Pour survivre, c'est donc le branle-bas de combat: la rémunération variable a été coupée de 20%, le bureau du député local a été contacté, un cabinet d'avocats a été embauché, etc.

Nicolas Bourgeois est convaincu d'avoir eu l'assentiment du fisc en 1999, mais il n'a pas conservé d'aussi vieux dossiers, passés à la déchiqueteuse. Il a donc demandé au fisc de sortir le dossier de l'époque. Pas si vite, l'ami, il faut faire une demande d'accès à l'information, lui a-t-on répondu. Après quelques semaines d'attente, le verdict est tombé: votre dossier de l'époque a été détruit.

«On nous met le fusil sur la tempe et on nous traite comme si on était des méchants. Or, personne ne sera gagnant si on ferme nos portes. Une PME se bat déjà contre de gros concurrents. Maintenant, il faut se battre contre notre propre gouvernement», dit M. Bourgeois.

Revenu Québec fait une interprétation de la loi qui n'est pas évidente, selon un fiscaliste d'expérience. Il n'existe d'ailleurs aucune jurisprudence sur ce sujet précis.

Que dit la loi, au fait? Essentiellement, les produits à usage humain qui servent à des fins médicales ou restauratrices sont détaxés, est-il indiqué à l'annexe VI de la partie II de la loi (articles 1.1 et 1.2). Plus précis encore: toute prothèse est détaxée, de même que tout article servant à la bonne application ou à l'entretien de la prothèse, disent les articles 25 et 26.

Pour la plupart, les produits de Citagenix servent comme prothèses naturelles ou comme soutiens à une prothèse. Par exemple, les médecins ont besoin de granule d'os pour solidifier une hanche avant l'implantation d'une prothèse. Même demande des dentistes, parfois, pour renforcer une mâchoire qui reçoit une nouvelle dent. Bref, des produits qui semblent détaxés.

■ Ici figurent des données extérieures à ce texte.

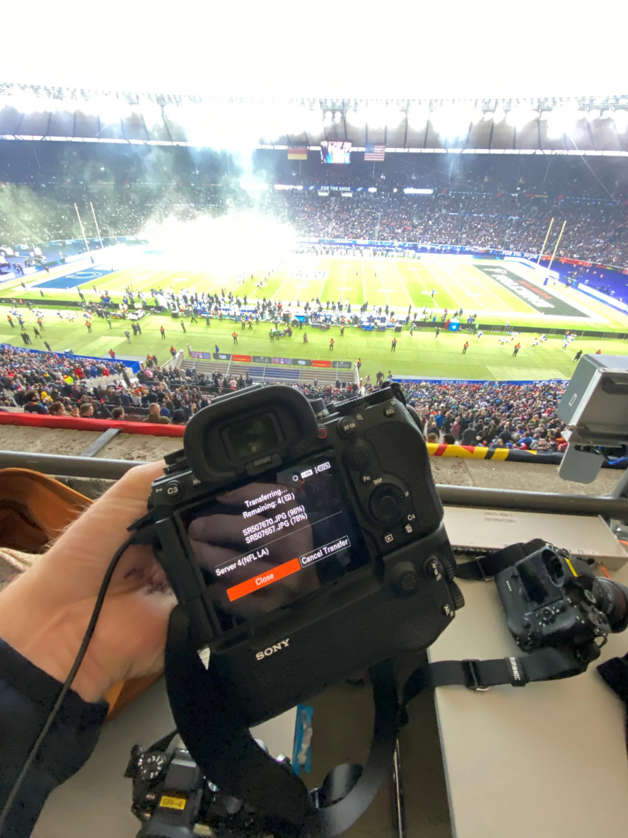 In Live-Situationen wie dem NFL-Spiel ermöglicht der PDT-FP1 die Übertragung direkt von einer Kamera zu einem Cloud- oder Serverziel. Bei den Foto-Teams, die die Atmosphäre in den Fan-Zones und im Stadion für die NFL eingefangen haben, kam der mobile Datentransmitter zum Einsatz. Er wurde speziell für professionelle Foto- und Videoproduktionen entwickelt und verfügt über Dual-SIM-Funktionalität, einen großen Touchscreen, aktive Kühlung und vielseitige Anschlussmöglichkeiten. Dabei soll er automatisch das stärkere Netzwerk basierend auf den Signalbedingungen auswählen und gegebenenfalls die SIM-Karten für die Datenübertragung wechseln. Das Antennendesign ist laut Sony für maximale Empfangsempfindlichkeit optimiert und soll eine schnelle Kommunikation mit geringer Latenz über 5G-Netze ermöglichen.
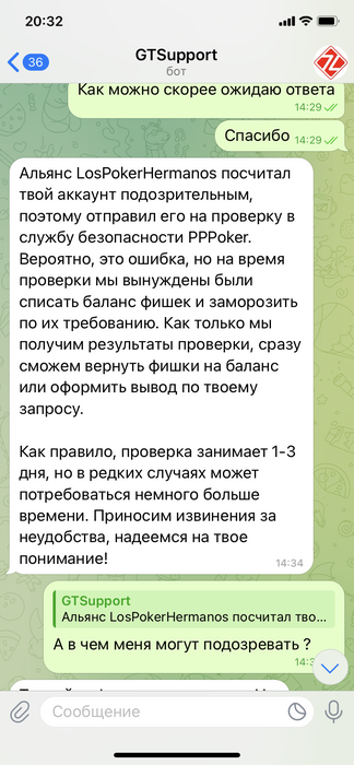 Ну хорошо 👌🏼жду 1-3 дня, аккаунту отроду 2 недели, проверять по сути нечего, но на всякий случай написал на официальную почту PPPoker и попросил проверить мой аккаунт на честность , на что получил ответ в течении 8-12 часов 🧐
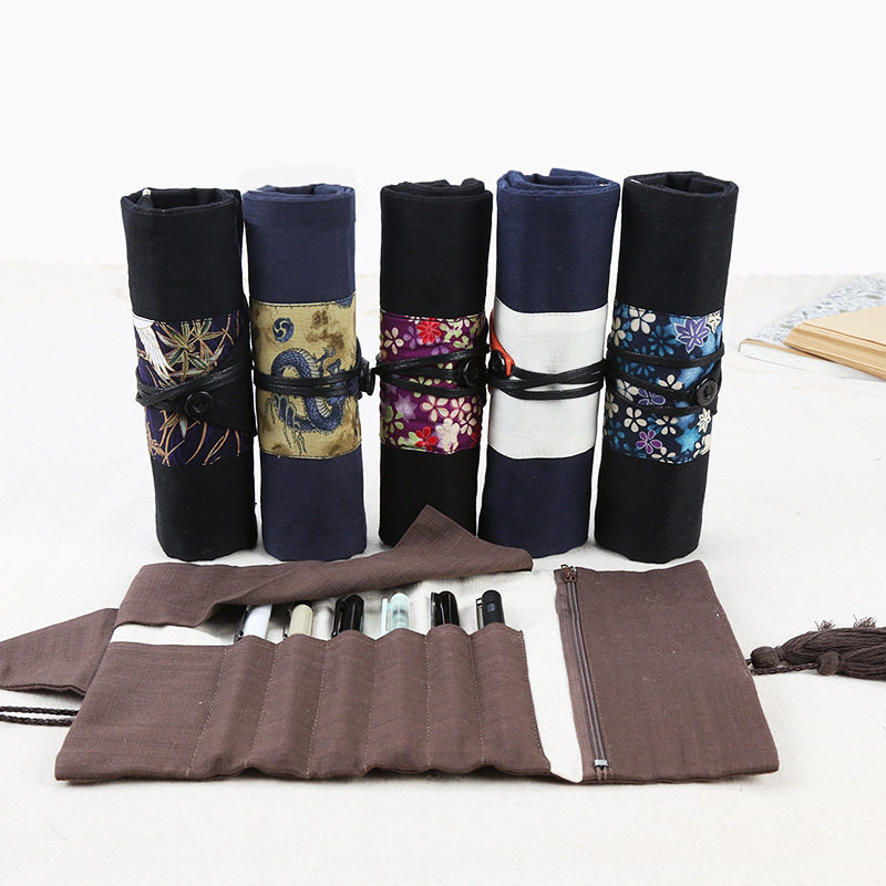 Ретро штора, ручка, пенал, шоппер, вместительная и большая ткань, сумка, креативная точилка подходит для мужчин и женщин для школьников, простой крой, для средней школы
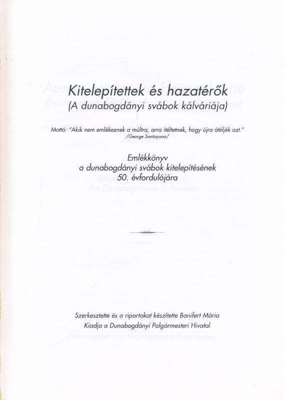 KitelepÃtettek és hazatérÅ‘k. (A dunabogdányi svábok kálváriája.) Emlékkönyv a dunabogdányi svábok kitelepÃtésének 50. évfordulójára. Szerk. és a riportokat készÃtette Bonifert Mária. Dunabogdány, én., Dubabogdányi Polgármesteri Hivatal. Fekete-fehér fotókkal illusztrált. Kiadói papÃrkötés
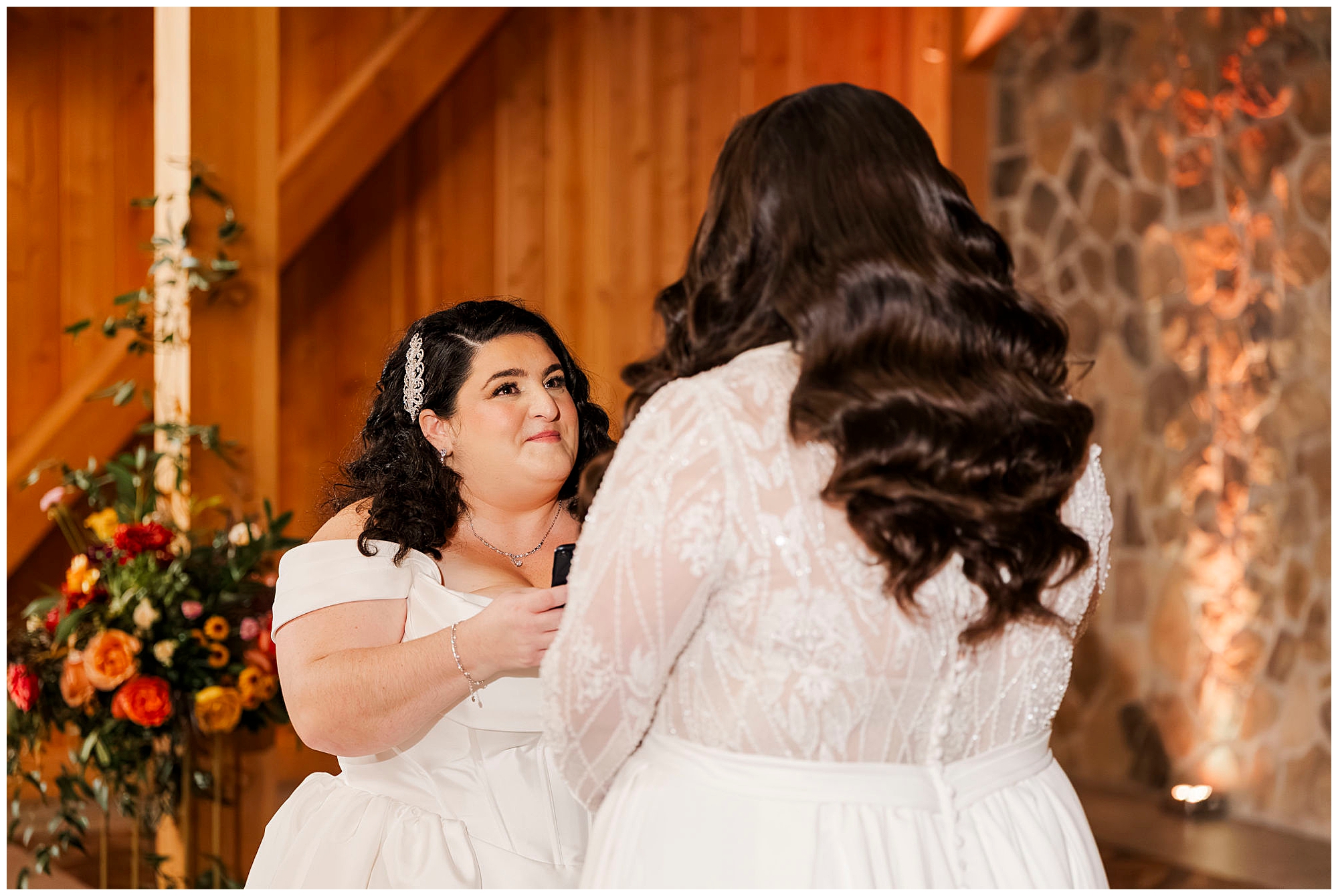 The day began upstairs in the bridal suite. This dedicated space offers natural light and rustic charm. Both brides prepared together in this intimate setting. The exposed beams created a warm atmosphere for photos.

Le plus ironique, c'est qu'une bonne part des nouvelles taxes qui seraient ainsi amassées par le gouvernement devrait être dépensée par les hôpitaux. En effet, 40% du volume d'affaires de Citagenix vient des hôpitaux, dont les taxes sont assumées par le gouvernement.

Au pire, Citagenix est disposée à facturer désormais la TPS-TVQ à ses clients. Par équité, la PME suppose que ses concurrents devront faire de même. Elle se dit toutefois incapable de récolter le montant de 1,3 million non réclamé dans le passé.

Citagenix ne serait pas la seule à subir les foudres du fisc. «Revenu Québec veut traquer les fraudeurs et nous sommes tout à fait d'accord avec cet objectif. Mais dans la pratique, les vérificateurs appliquent la loi de façon rigide, et plusieurs entreprises honnêtes en subissent les contrecoups», nous dit un fiscaliste.

Citagenix va peut-être pouvoir contester devant les tribunaux, si elle parvient à reporter le paiement de 1,3 million. Elle va peut-être gagner et peut-être survivre. Mais en bout de piste, le fisc et le gouvernement auront-ils vraiment rempli leur mission?

En fin de journée hier, Revenu Québec nous écrivait que la cotisation est conforme et qu'aucune disposition ne permet de détaxer la fourniture d'os et de tendons humains.